When competencies 7, 11, and 12 were revised based on the results of these analyses, 4 additional pairings were generated because of the new factors. After reconfiguring the competencies, 76 (93.8%) of the 81 pairs resulted in 2 factors as required. The remaining 5 pairs of competencies were unidimensional and did not demonstrate discriminant validity.

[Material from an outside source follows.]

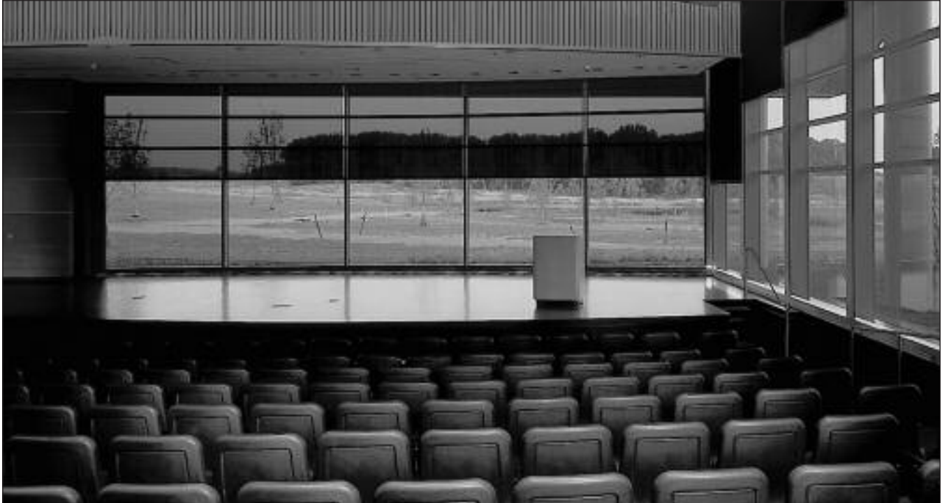
Motorola Cellular Subscriber Facility, IL Globetrotter's Engineering – Architects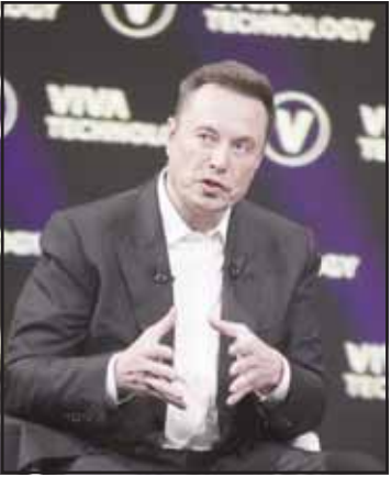
Elon Musk, who owns Twitter, Tesla and SpaceX, speaks at the Vivat-eich fair on June 16, 2023 in Paris.

was acting on information that two people provided in January to its cybercrimes unit. One of them is a

Finally, when all 13 of the competencies were entered into a factor analysis, a unidimensional factor emerged.
Content Validity
In order to demonstrate content validity, a higher proportion of preceptors should rate students’ performance on clinical competencies and subcompetencies during clinical APPEs compared with nonclinical APPEs. In addition, other competencies and subcompetencies should be independent of the APPE type because they are equally applicable to both clinical and nonclinical APPEs. Although not exhaustive, we tested content validity by examining whether a subcompetency was evaluated by a preceptor for a student under these different circumstances. First, it was hypothesized that the subcompetency “identifies and suggests appropriate therapeutic endpoint” (subcompetency 4a) would be observed more often in a clinical vs a nonclinical APPE. Students’ competency was rated by preceptors in over 90% of cases in clinical ambulatory and inpatient practice experiences, but only 41% in nonclinical practice experiences. Similarly, subcompetency 3c (“synthesizes history and physical to identify problems”) was marked by 86.5% and 98.3% of clinical ambulatory and inpatient APPEs, respectively, but by only 51% of nonclinical APPEs.
Within certain clinical practice experiences, one might expect the same pattern for certain subcompetencies. For example, preceptors in clinical ambulatory practice experiences at community pharmacies were most likely to rate students on “correctly labels and performs the final check” (69%) vs clinical inpatient (31%) or nonclinical practice experiences (28%). The same pattern occurred when applied to the state and federal regulations in the dispensing process subcompetency (1b), namely preceptors in clinical ambulatory practice experiences were most likely to rate students (78%) vs clinical inpatient (40%) or nonclinical practice experiences (39%). Finally, some competencies should be common to all APPEs. For example, 99% of the preceptors rated students as “dressing appropriately for the setting” for all 3 types of APPEs.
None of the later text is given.